Of course you have seen the images coming from Haiti. On Sunday we spent a bit of time being shown around by Haitian friends of the MAF staff. Here are a few images of my own. They require little comment.
Life on the streets continues. Food is available, if you have money to buy it. But that's the problem. Normal sources of income, as meager as they were before, have been disrupted. Port Au Prince is in a "slow burn" as the secondary crisis mounts. Rainy season will begin in weeks. Disease will become public enemy number one, but security will also decline as people get more desperate. I was impressed with how well-mannered the Haitian people were, considering what they've been through, but how far will their tolerance stretch?
We attended an English service church on Sunday.
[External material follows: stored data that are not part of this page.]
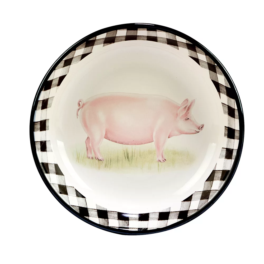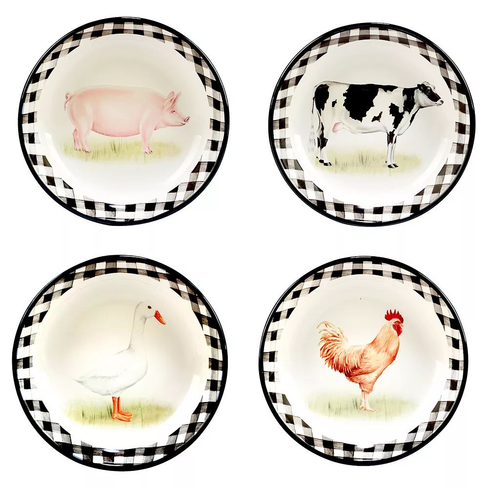Give your rustic dining decor a fresh, new look with this Certified International On The Farm soup bowl set. A black and white checkered pattern and farm animal graphics create a classic farmhouse look.
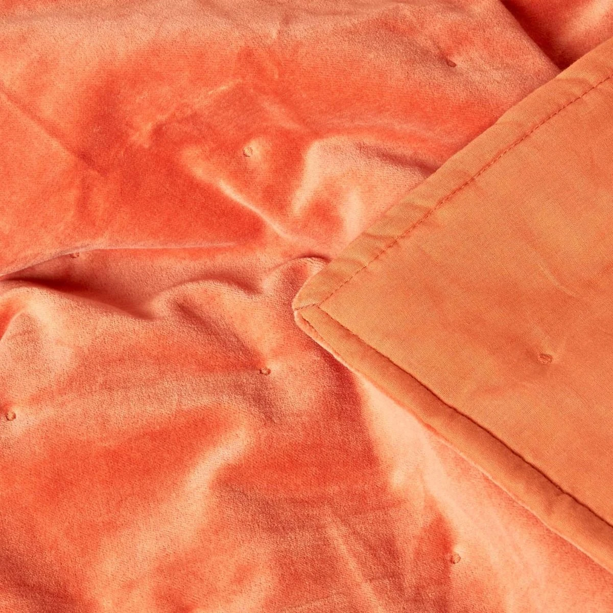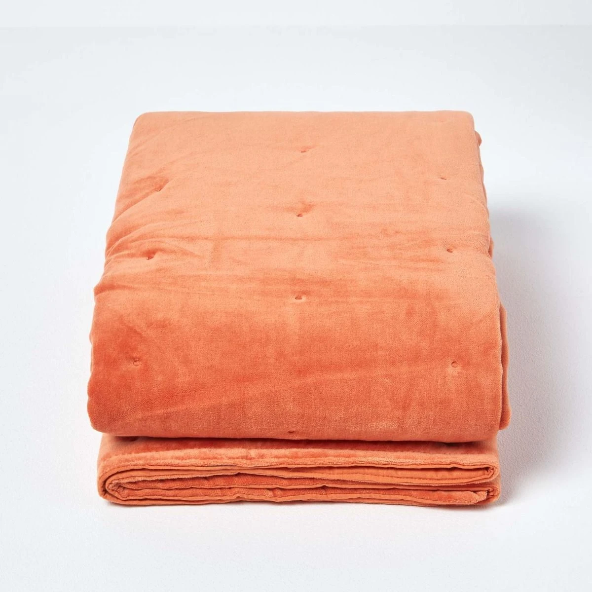 Burnt orange velvet throw woven from 100% cotton velvet, this quilted throw has handstitched embroidered dots and is filled with polyester fibre for extra warmth.
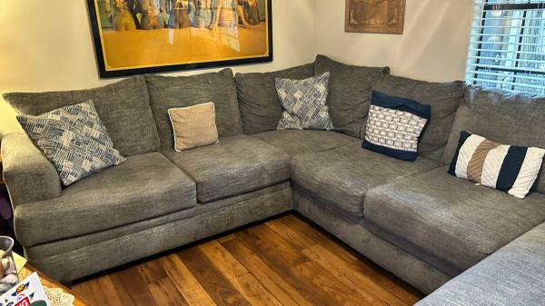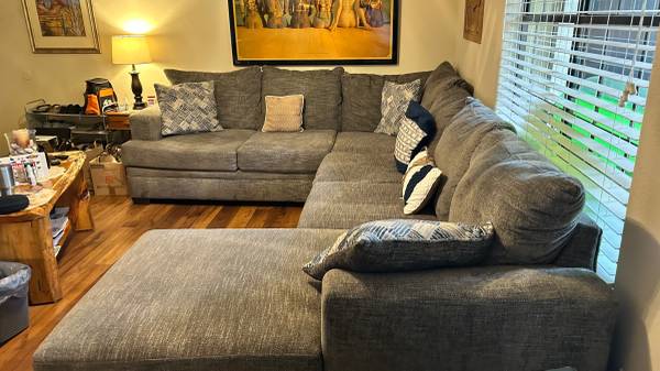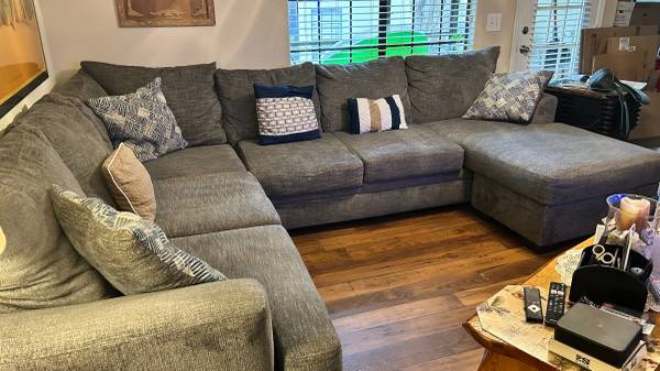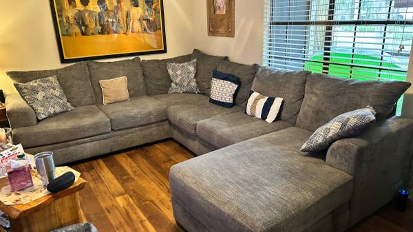 Beautiful huge gray sectional seats about eight people clean no rips no stains no tears we take good care of our stuff
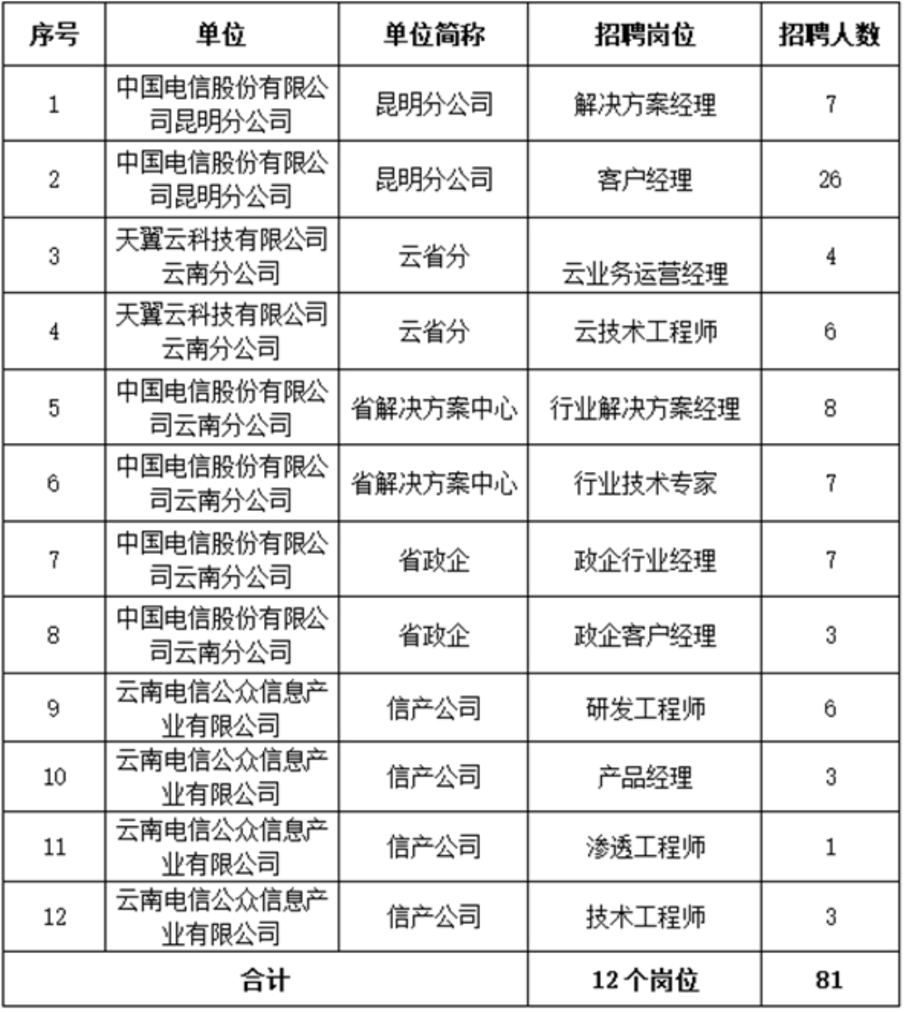 中國電信股份有限公司云南分公司2022年度行業(yè)專家及技術(shù)專家社會(huì)招聘公告

The pastor reflected the soul-searching that all Haitians are going through. And he called for a renewed commitment to obedience to God and a seeking of His will for Haiti in this catastrophe.
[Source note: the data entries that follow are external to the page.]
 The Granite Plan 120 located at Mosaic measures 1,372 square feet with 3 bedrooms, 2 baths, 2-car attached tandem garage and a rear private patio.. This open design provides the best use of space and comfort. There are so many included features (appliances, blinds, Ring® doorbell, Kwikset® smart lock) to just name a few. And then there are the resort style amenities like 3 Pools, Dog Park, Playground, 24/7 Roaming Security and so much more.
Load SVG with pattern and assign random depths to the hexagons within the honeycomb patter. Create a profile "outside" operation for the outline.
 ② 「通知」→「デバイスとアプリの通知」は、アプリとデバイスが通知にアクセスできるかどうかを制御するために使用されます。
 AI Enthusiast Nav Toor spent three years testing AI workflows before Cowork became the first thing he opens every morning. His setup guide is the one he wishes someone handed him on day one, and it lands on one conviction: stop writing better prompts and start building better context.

Next week Mark Wuerffel and I will be in Spokane, finishing off the training of our latest two Kodiak pilots from Papua New Guinea. Then Mark will take a turn in Haiti, and I will probably follow him for the last two or three weeks of March. Where is the end of all this? How will the city ever be rebuilt? Answers to those questions seem like a luxury right now as we work on the immediate goals of relieving the suffering and averting a secondary disaster, while in the process try to demonstrate God's love and His story of redemption.